• [Problem to solve]: You are asked to repeat the listing word for word and to leave out its pictures.

• [Data]:

________________

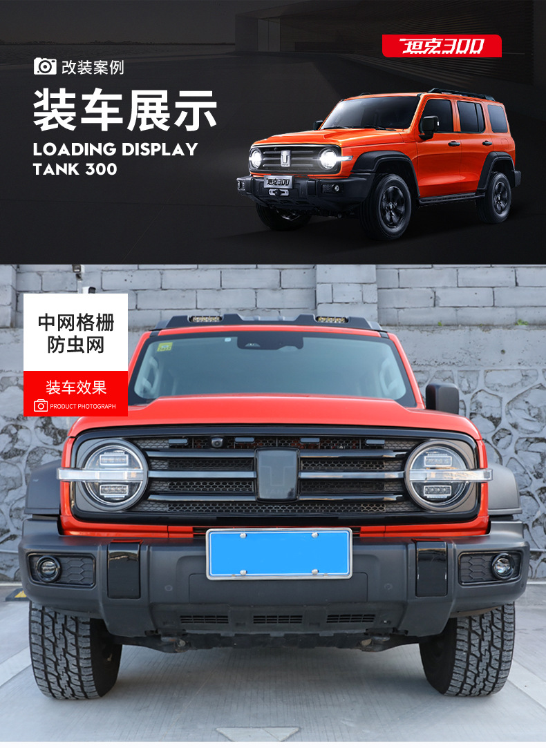 - Specifically designed to fit the front grille of the Tank 300 for a precise integration.
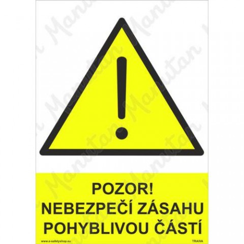 Bezpečnostní značka, tabulka nebo samolepka "Pozor nebezpečí zásahu pohyblivou částí" plně odpovídá požadavkům právních a technických předpisů, zejména Nařízení vlády č. 375/2017 Sb., ČSN ISO 3864-1, ČSN ISO 3864-2, ČSN ISO 3864-3, ČSN ISO 3864-4.Výstražné tabulky - Pozor nebezpečí zásahu pohyblivou částí
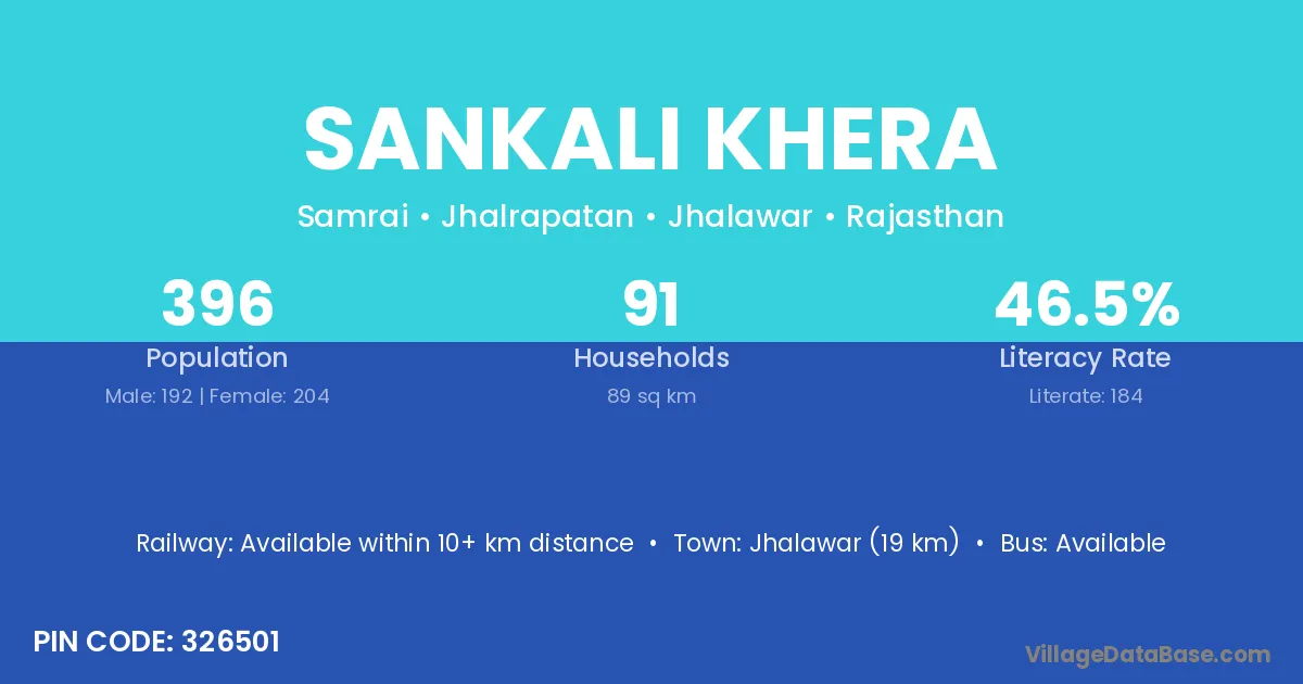 Jhalawar (19 km) is the nearest town to Sankali Khera village for major economic activities and is located approximately 19 km away.
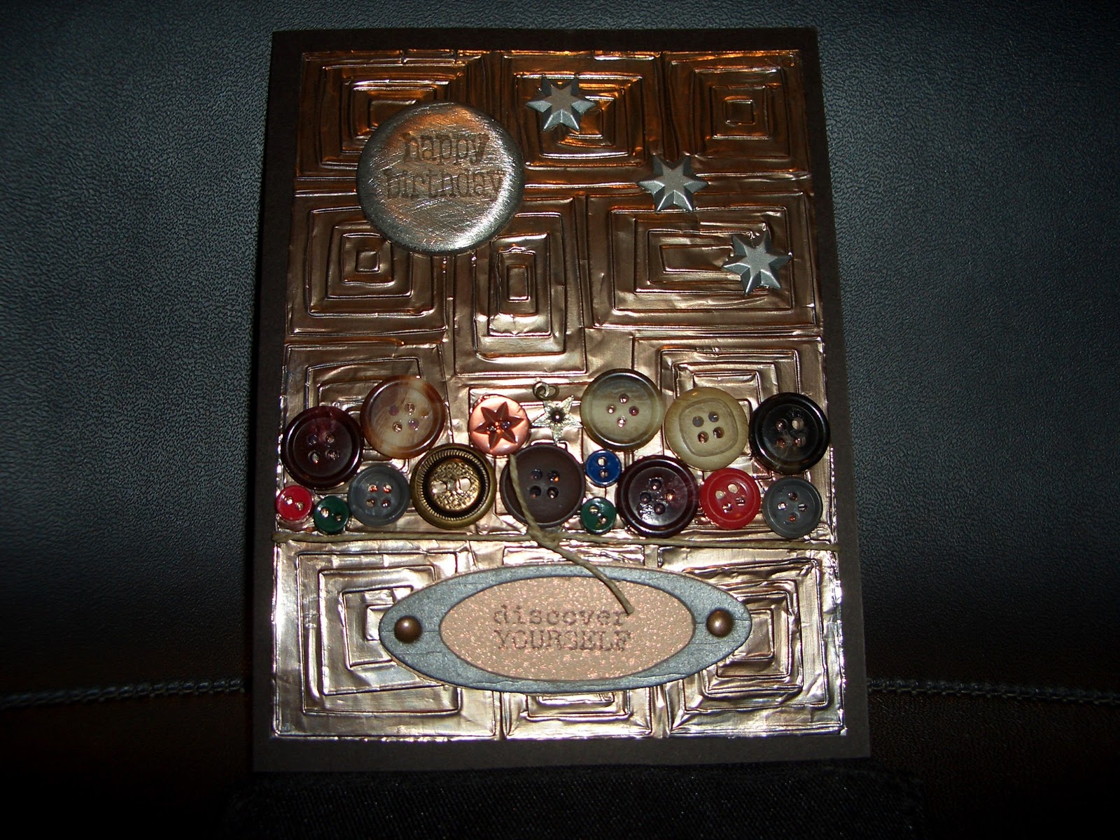 I usually need to make quite a few masculine cards. Here is one I made with a nephew in mind. I had read on Splitcoast Stampers that tin foil was used in a Cuttlebug embossing folder, and I loved how that looked. I tried it a little differently. I did put tin foil over a piece of cardstock and then I ran it through my Cuttlebug. I kept the tin foil in place on the cardstock and adhered it to the cardstock so it would retain the shape. This is the Cuttlebug embossing folder with the off centered rectangles. I then used a sponge dobber with WalnutStain Distress ink to give the foil a tint of color to age it a little. Then I tied a thin piece of twine around the card. I glued some old buttons on it with Glossy Accents glue. The big brad I sanded a little first and then I stamped the happy birthday with brown Stazon ink. The oval around the discover yourself sentient is grungeboard and I inked that up with Silver pigment ink. I used two copper brads to adhere it to the surface. I found the three star brads in my collection of brads. I think these stars came from Target in a star brad collection in their scrapbook isle. I then adhered the whole thing to a standard A2 size card. It's rather shiny to look at, but it looks burnished and masculine. Lots of fun!

________________

• [Exercise result]:
 - Specifically designed to fit the front grille of the Tank 300 for a precise integration.
 Bezpečnostní značka, tabulka nebo samolepka "Pozor nebezpečí zásahu pohyblivou částí" plně odpovídá požadavkům právních a technických předpisů, zejména Nařízení vlády č. 375/2017 Sb., ČSN ISO 3864-1, ČSN ISO 3864-2, ČSN ISO 3864-3, ČSN ISO 3864-4.Výstražné tabulky - Pozor nebezpečí zásahu pohyblivou částí
 Jhalawar (19 km) is the nearest town to Sankali Khera village for major economic activities and is located approximately 19 km away.
 I usually need to make quite a few masculine cards. Here is one I made with a nephew in mind. I had read on Splitcoast Stampers that tin foil was used in a Cuttlebug embossing folder, and I loved how that looked. I tried it a little differently. I did put tin foil over a piece of cardstock and then I ran it through my Cuttlebug. I kept the tin foil in place on the cardstock and adhered it to the cardstock so it would retain the shape. This is the Cuttlebug embossing folder with the off centered rectangles. I then used a sponge dobber with WalnutStain Distress ink to give the foil a tint of color to age it a little. Then I tied a thin piece of twine around the card. I glued some old buttons on it with Glossy Accents glue. The big brad I sanded a little first and then I stamped the happy birthday with brown Stazon ink. The oval around the discover yourself sentient is grungeboard and I inked that up with Silver pigment ink. I used two copper brads to adhere it to the surface. I found the three star brads in my collection of brads. I think these stars came from Target in a star brad collection in their scrapbook isle. I then adhered the whole thing to a standard A2 size card. It's rather shiny to look at, but it looks burnished and masculine. Lots of fun!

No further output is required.